• WHAT IS BEING ASKED
The records are to be copied from the line that contains "EI 42/14,8; 2x15V/0,2A;" through their last line, word for word, with every picture left out.

Records contained in a dataset:
====

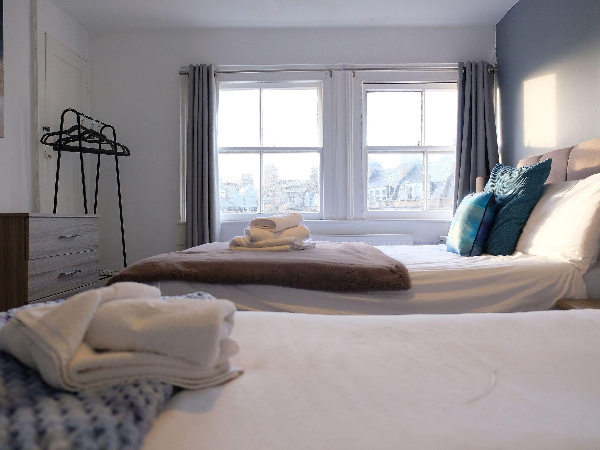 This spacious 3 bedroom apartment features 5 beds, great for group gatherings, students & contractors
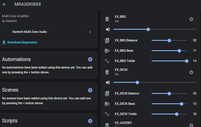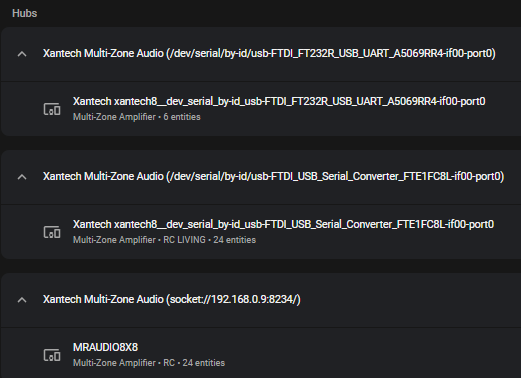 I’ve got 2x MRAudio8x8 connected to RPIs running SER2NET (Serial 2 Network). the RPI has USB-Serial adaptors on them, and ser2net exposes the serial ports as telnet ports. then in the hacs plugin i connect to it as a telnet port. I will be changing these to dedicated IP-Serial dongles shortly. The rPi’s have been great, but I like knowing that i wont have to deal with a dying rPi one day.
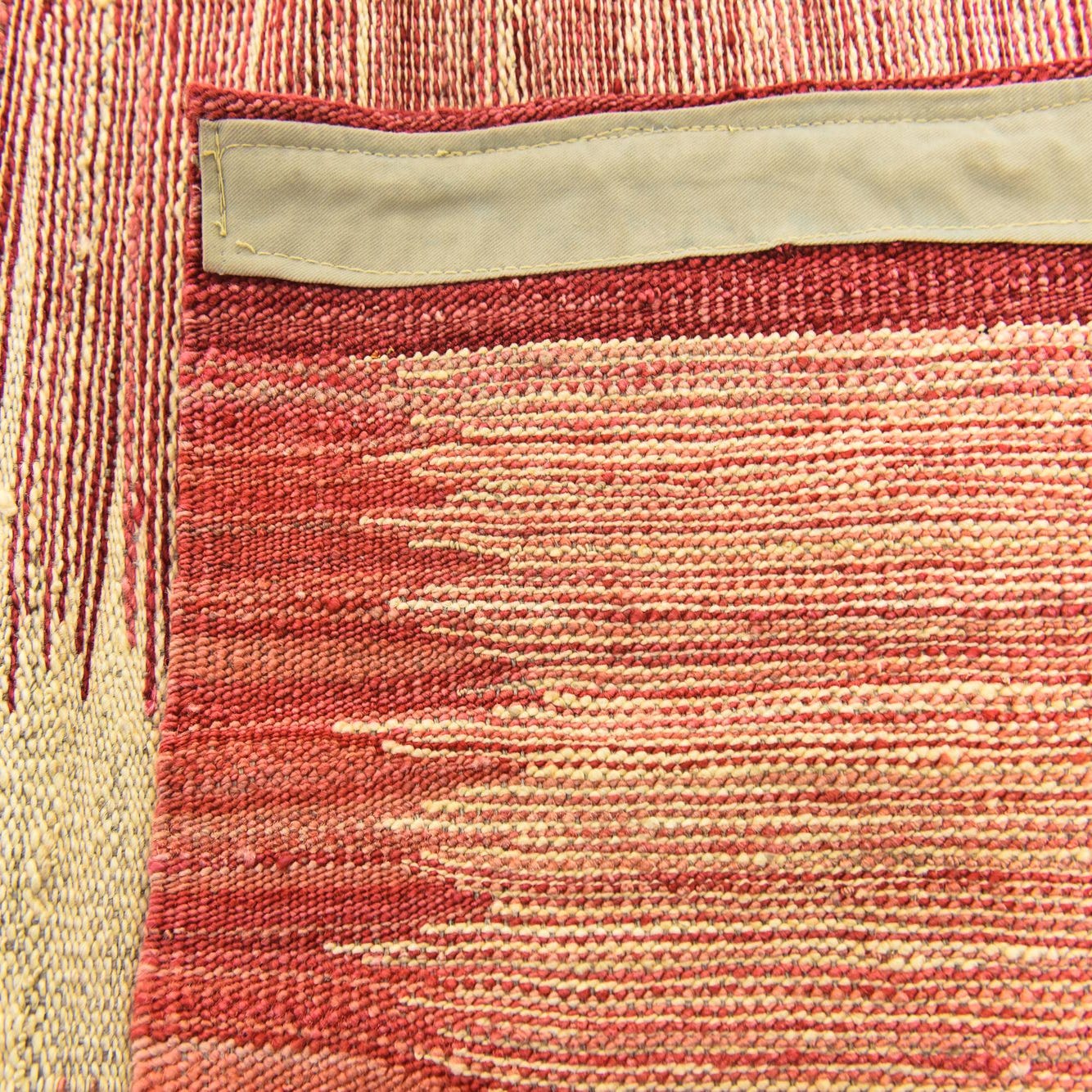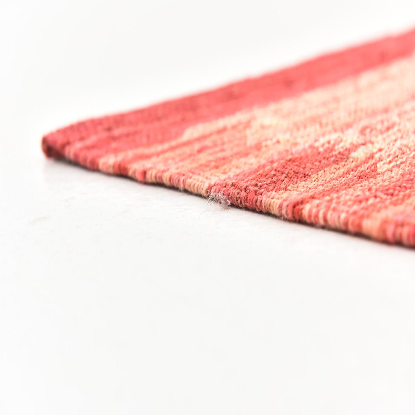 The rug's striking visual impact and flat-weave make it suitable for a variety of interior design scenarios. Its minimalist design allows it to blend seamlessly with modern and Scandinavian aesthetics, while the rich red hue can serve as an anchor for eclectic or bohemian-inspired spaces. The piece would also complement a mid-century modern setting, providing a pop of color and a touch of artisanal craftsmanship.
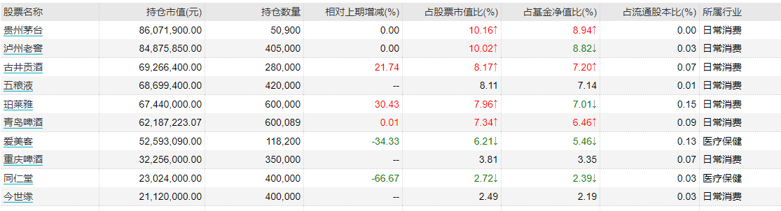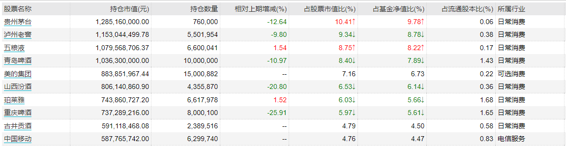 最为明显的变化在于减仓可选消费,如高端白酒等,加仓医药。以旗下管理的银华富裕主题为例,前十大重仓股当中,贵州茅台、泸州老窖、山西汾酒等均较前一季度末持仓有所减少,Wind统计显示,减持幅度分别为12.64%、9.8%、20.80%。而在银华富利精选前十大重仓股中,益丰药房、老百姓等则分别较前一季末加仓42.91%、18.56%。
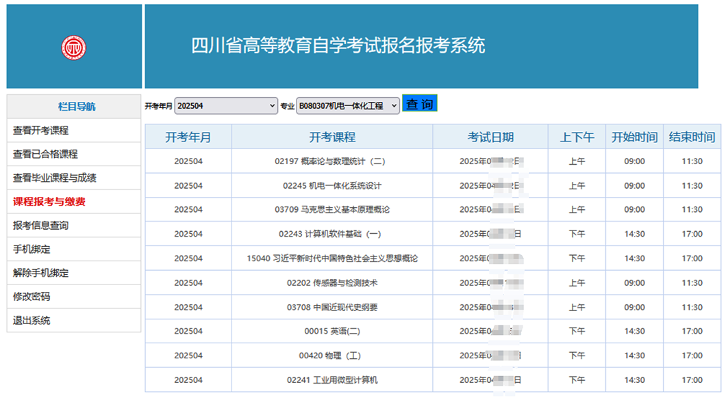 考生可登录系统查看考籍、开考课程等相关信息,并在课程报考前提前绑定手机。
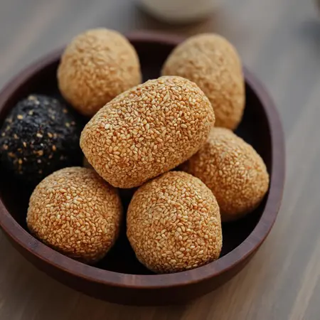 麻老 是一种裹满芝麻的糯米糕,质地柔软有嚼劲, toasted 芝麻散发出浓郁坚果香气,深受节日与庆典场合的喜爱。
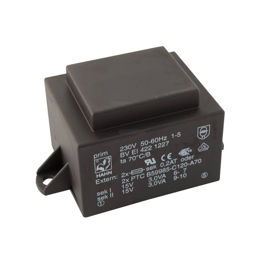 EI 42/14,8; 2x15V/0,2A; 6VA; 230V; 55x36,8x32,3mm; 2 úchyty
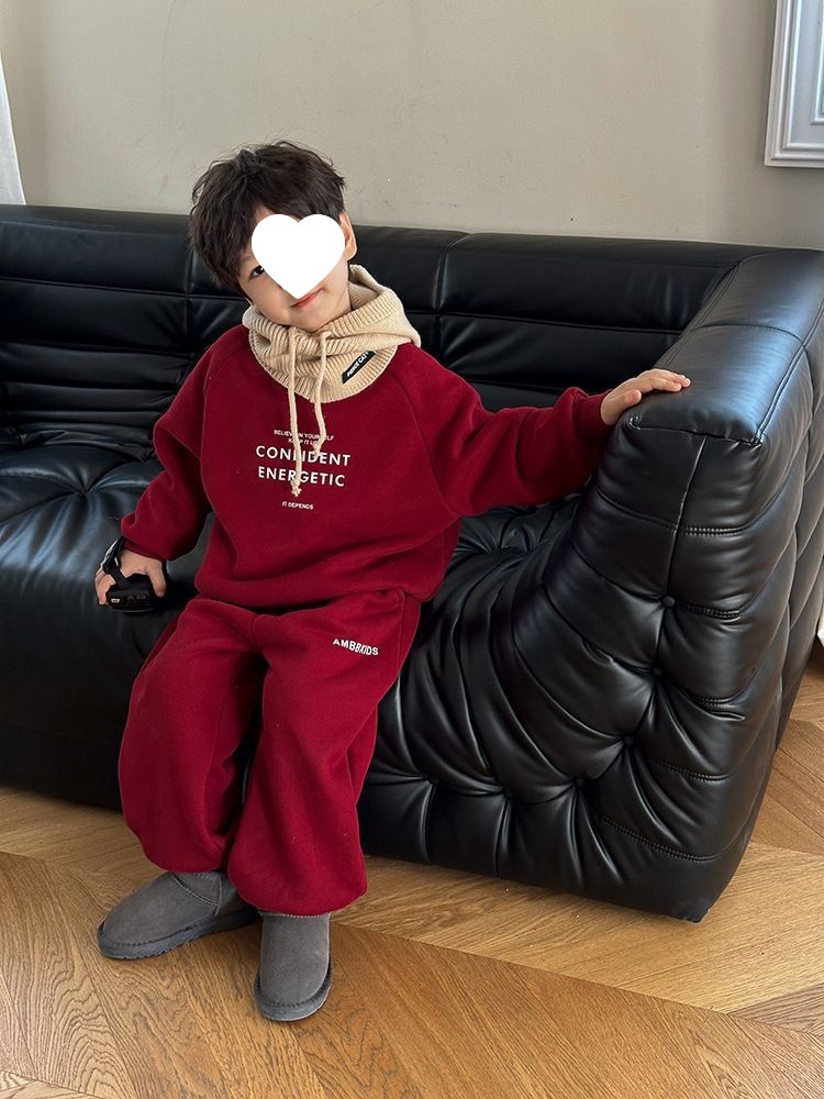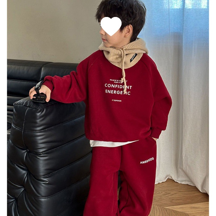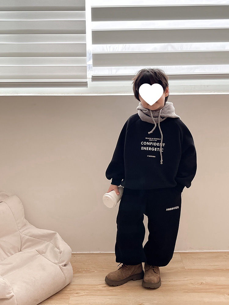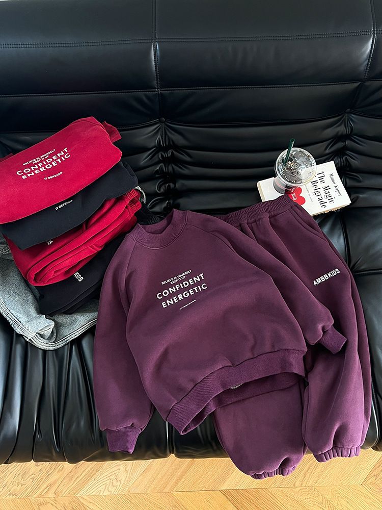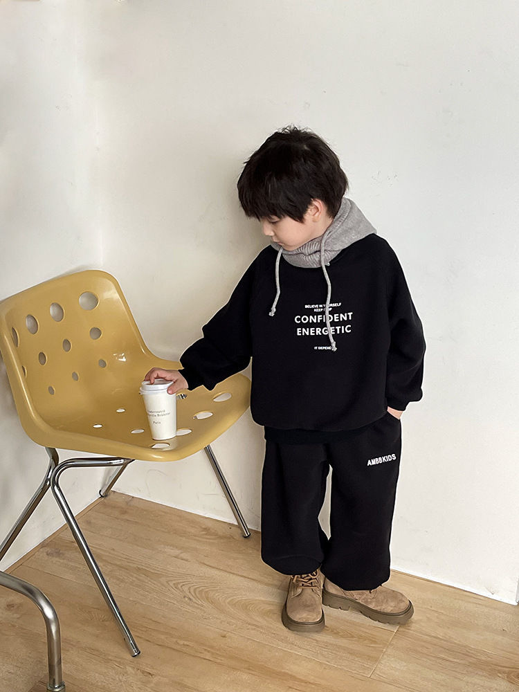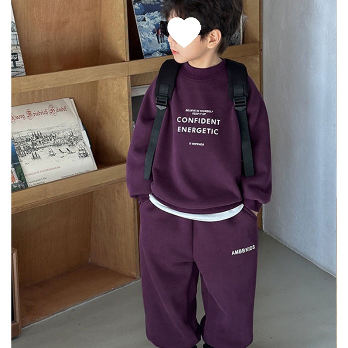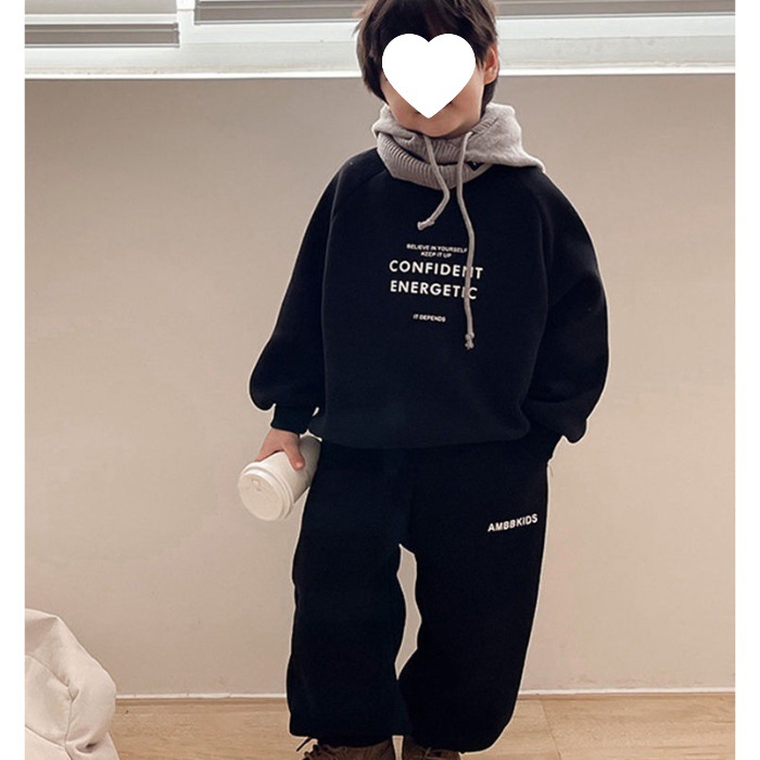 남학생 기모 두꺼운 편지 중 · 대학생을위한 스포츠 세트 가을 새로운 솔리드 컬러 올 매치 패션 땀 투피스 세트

====

• TASK SOLUTION
 EI 42/14,8; 2x15V/0,2A; 6VA; 230V; 55x36,8x32,3mm; 2 úchyty
 남학생 기모 두꺼운 편지 중 · 대학생을위한 스포츠 세트 가을 새로운 솔리드 컬러 올 매치 패션 땀 투피스 세트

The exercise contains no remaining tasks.